═══ Information ═══

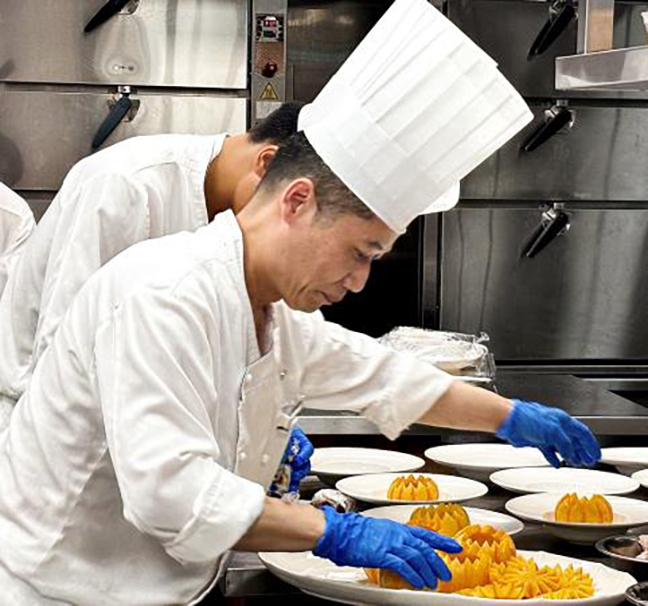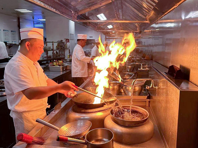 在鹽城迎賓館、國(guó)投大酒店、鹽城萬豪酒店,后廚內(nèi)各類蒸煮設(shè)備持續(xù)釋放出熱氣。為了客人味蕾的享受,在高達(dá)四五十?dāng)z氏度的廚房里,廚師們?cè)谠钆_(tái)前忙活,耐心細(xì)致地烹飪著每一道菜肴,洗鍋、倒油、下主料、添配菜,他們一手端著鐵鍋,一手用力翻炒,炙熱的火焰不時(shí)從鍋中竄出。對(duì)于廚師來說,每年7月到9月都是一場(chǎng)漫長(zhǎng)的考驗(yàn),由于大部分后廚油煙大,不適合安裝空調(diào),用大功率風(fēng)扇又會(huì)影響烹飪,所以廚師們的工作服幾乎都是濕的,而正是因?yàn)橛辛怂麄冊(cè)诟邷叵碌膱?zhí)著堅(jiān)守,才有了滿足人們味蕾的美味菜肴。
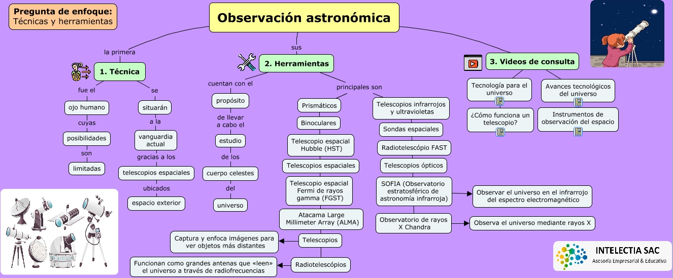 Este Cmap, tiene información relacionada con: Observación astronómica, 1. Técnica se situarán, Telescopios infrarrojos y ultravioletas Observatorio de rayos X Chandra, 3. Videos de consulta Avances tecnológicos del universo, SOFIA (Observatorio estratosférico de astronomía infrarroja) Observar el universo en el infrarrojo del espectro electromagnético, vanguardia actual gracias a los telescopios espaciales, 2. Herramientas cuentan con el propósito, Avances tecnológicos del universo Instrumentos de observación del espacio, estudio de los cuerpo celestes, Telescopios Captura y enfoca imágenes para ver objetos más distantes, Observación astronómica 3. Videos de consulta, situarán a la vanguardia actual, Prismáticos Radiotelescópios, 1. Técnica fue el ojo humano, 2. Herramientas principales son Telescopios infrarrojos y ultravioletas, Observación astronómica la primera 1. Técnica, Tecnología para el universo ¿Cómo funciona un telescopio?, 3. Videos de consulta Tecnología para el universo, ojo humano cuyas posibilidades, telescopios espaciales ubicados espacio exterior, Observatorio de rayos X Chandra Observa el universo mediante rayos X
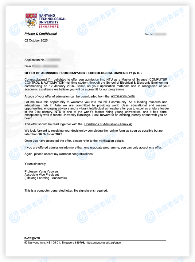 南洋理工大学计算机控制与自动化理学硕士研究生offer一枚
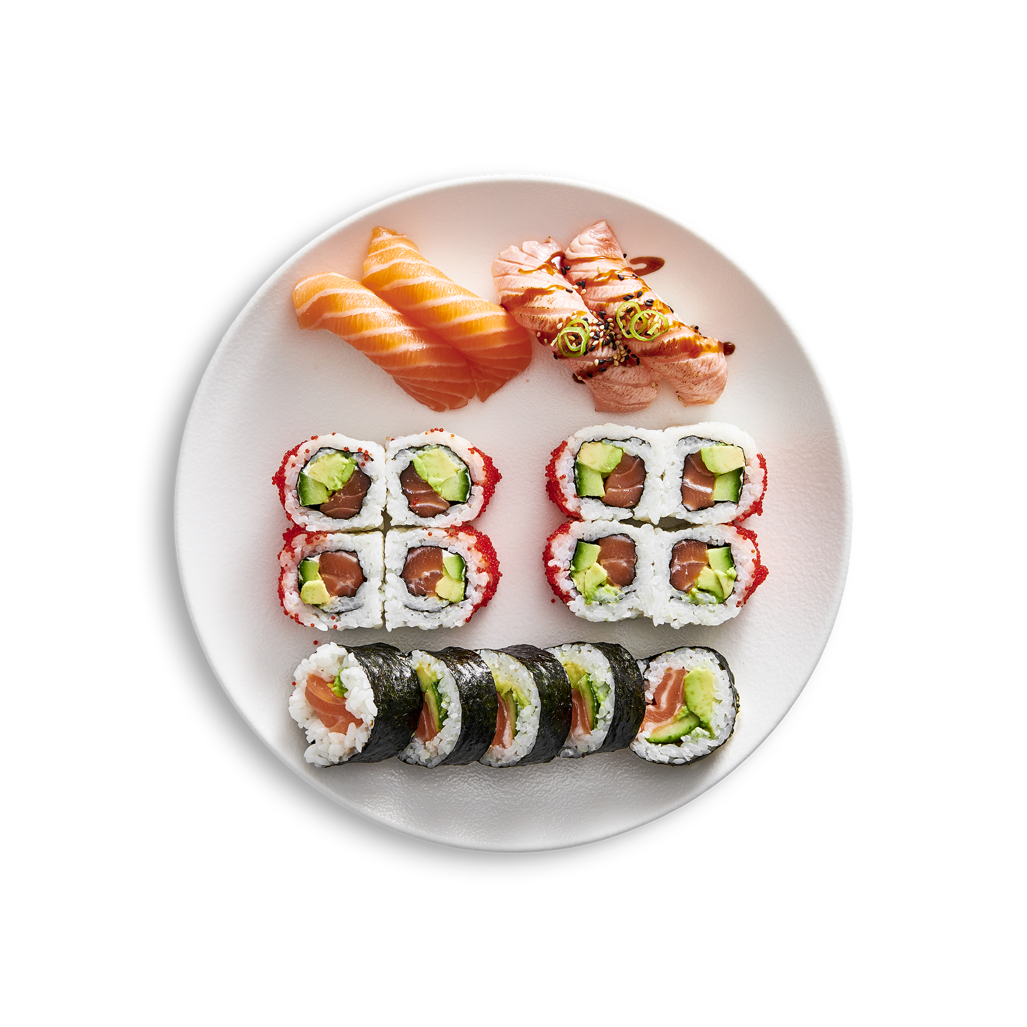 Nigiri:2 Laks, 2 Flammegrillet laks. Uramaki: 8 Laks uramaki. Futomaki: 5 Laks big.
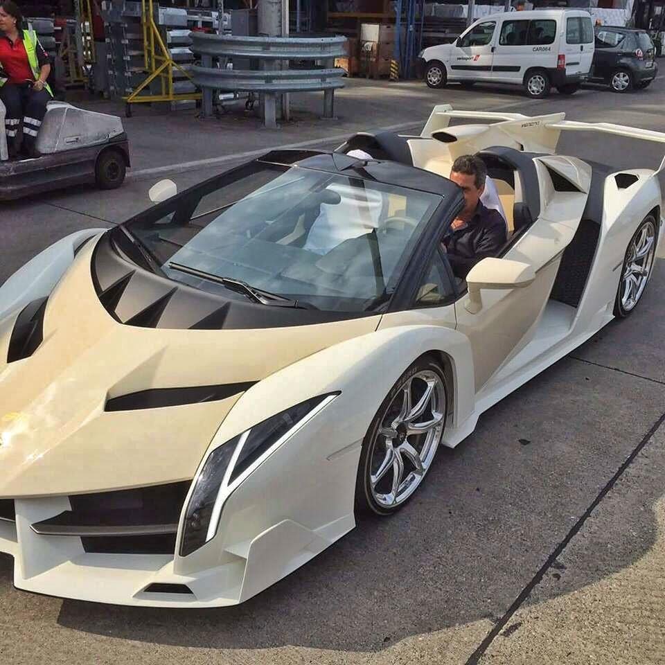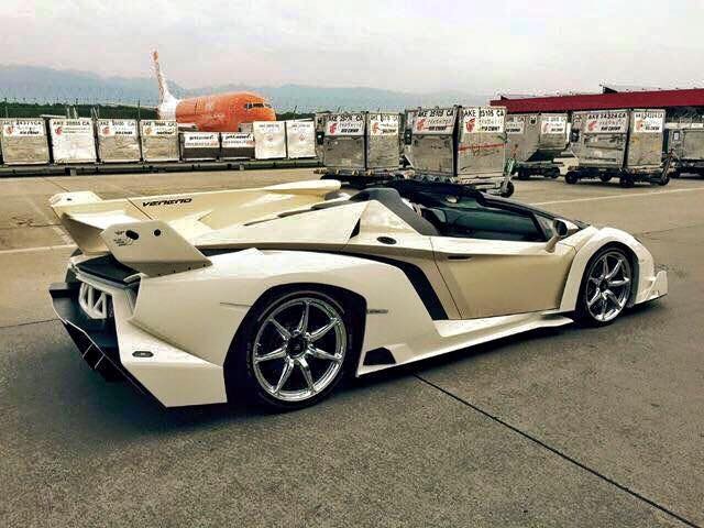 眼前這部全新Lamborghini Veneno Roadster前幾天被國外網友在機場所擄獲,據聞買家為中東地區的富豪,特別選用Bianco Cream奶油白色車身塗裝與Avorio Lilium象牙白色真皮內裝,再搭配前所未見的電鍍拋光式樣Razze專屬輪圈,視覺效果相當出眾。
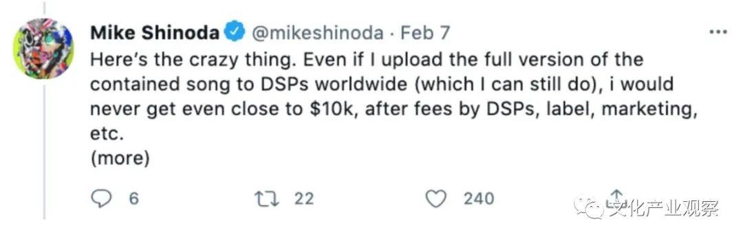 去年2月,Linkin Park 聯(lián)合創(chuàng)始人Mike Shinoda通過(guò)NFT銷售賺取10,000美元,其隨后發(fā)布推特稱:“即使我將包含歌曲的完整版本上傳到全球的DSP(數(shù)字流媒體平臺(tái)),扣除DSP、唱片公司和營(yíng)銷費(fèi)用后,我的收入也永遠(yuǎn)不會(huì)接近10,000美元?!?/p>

═══
═══ Information ═══

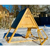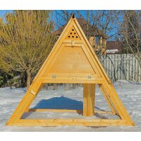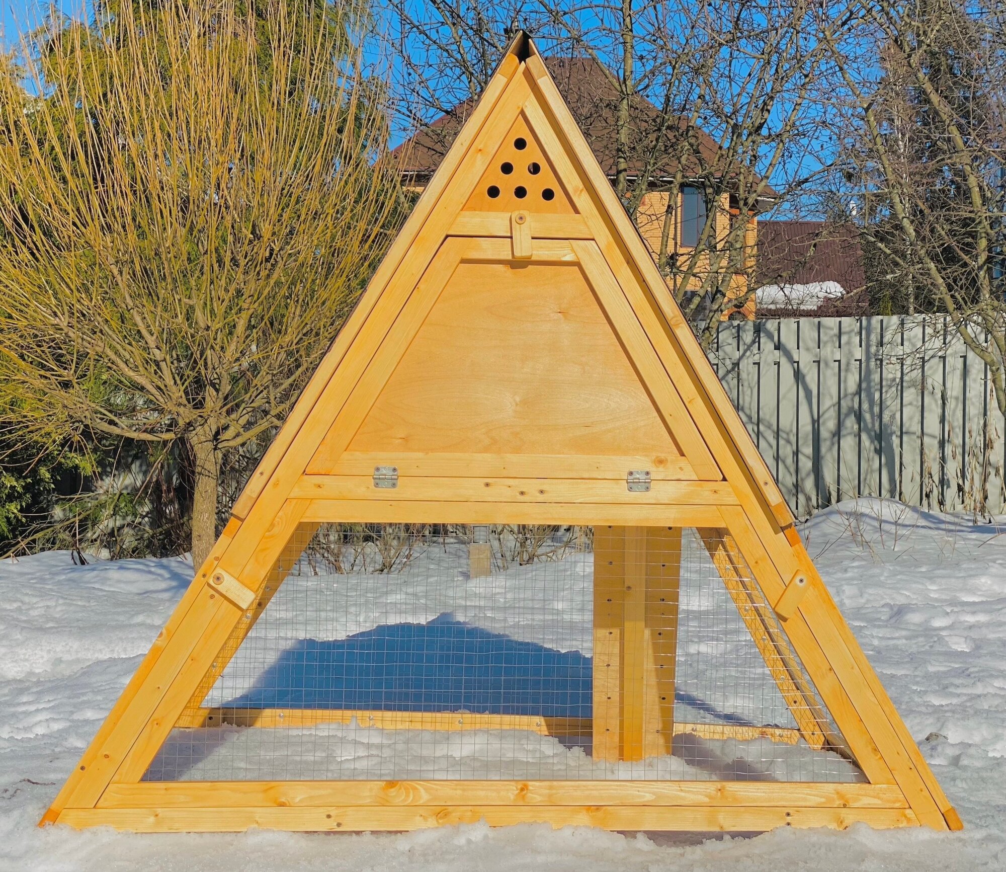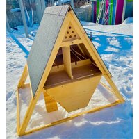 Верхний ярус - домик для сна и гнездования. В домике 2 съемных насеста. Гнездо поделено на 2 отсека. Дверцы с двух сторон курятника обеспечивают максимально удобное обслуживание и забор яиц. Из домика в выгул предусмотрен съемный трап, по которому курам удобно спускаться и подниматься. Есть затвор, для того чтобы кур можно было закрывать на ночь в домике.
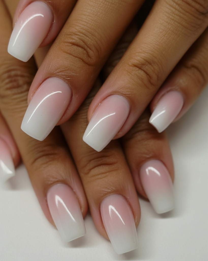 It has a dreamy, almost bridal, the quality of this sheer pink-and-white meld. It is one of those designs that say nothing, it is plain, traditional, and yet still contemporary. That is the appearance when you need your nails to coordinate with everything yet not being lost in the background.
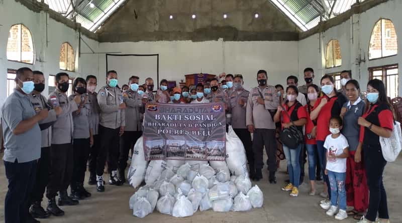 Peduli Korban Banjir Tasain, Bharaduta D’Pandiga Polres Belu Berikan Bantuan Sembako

═══

* **Task to complete**: Please output, exactly as written, the lines above from the one holding "Este Cmap, tiene" through the one holding "去年2月,Linkin Park 聯(lián)合創(chuàng)始人Mike", both included, with the pictures omitted.

* **Answer box**:
 Este Cmap, tiene información relacionada con: Observación astronómica, 1. Técnica se situarán, Telescopios infrarrojos y ultravioletas Observatorio de rayos X Chandra, 3. Videos de consulta Avances tecnológicos del universo, SOFIA (Observatorio estratosférico de astronomía infrarroja) Observar el universo en el infrarrojo del espectro electromagnético, vanguardia actual gracias a los telescopios espaciales, 2. Herramientas cuentan con el propósito, Avances tecnológicos del universo Instrumentos de observación del espacio, estudio de los cuerpo celestes, Telescopios Captura y enfoca imágenes para ver objetos más distantes, Observación astronómica 3. Videos de consulta, situarán a la vanguardia actual, Prismáticos Radiotelescópios, 1. Técnica fue el ojo humano, 2. Herramientas principales son Telescopios infrarrojos y ultravioletas, Observación astronómica la primera 1. Técnica, Tecnología para el universo ¿Cómo funciona un telescopio?, 3. Videos de consulta Tecnología para el universo, ojo humano cuyas posibilidades, telescopios espaciales ubicados espacio exterior, Observatorio de rayos X Chandra Observa el universo mediante rayos X
 南洋理工大学计算机控制与自动化理学硕士研究生offer一枚
 Nigiri:2 Laks, 2 Flammegrillet laks. Uramaki: 8 Laks uramaki. Futomaki: 5 Laks big.
 眼前這部全新Lamborghini Veneno Roadster前幾天被國外網友在機場所擄獲,據聞買家為中東地區的富豪,特別選用Bianco Cream奶油白色車身塗裝與Avorio Lilium象牙白色真皮內裝,再搭配前所未見的電鍍拋光式樣Razze專屬輪圈,視覺效果相當出眾。
 去年2月,Linkin Park 聯(lián)合創(chuàng)始人Mike Shinoda通過(guò)NFT銷售賺取10,000美元,其隨后發(fā)布推特稱:“即使我將包含歌曲的完整版本上傳到全球的DSP(數(shù)字流媒體平臺(tái)),扣除DSP、唱片公司和營(yíng)銷費(fèi)用后,我的收入也永遠(yuǎn)不會(huì)接近10,000美元?!?/p>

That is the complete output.